For decades, greenhouse gas emissions caused by human activity have been building up in the atmosphere and trapping ever-higher levels of heat.

The resulting asymmetry between incoming solar energy and energy radiated back out into space – known as “Earth’s energy imbalance” – provides a direct measure of the extent to which humans are disrupting the Earth’s climate system.

This imbalance is growing and in 2025 its 10-year average reached a record high, indicating that global temperatures could increase at even higher rates in the future.

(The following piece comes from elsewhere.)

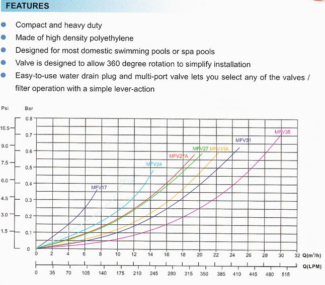 *Easy-to-use water drain plug and multi-port valve lets you select any of the valves/ filter operation with a simple lever-action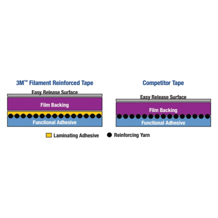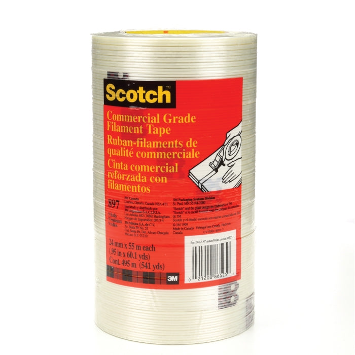 The 3M filament tape 897-24MMX55M is a reliable choice for various strapping, bundling, and reinforcing tasks. This tape features a synthetic rubber adhesive that adheres well to a range of surfaces including plastics, metals, and natural fibers. The fiberglass-reinforced design provides significant strength, making it suitable for medium-duty applications.

This is among the headline findings of the latest “indicators of global climate change” (IGCC) report, published in the journal Earth System Science Data, which tracks changes in the climate system on an annual basis.

The report, now in its fourth iteration, has been produced by dozens of scientists from around the world.

Its findings are designed to fill the gap between Intergovernmental Panel on Climate Change (IPCC) science reports, which are published every 5-7 years.

In this article, we unpack the IGCC report, which explores how human activity is driving a growing energy imbalance and why monitoring systems to track global climate are so crucial.

(For more on previous IGCC reports, see Carbon Brief’s coverage in 2023, 2024 and 2025.)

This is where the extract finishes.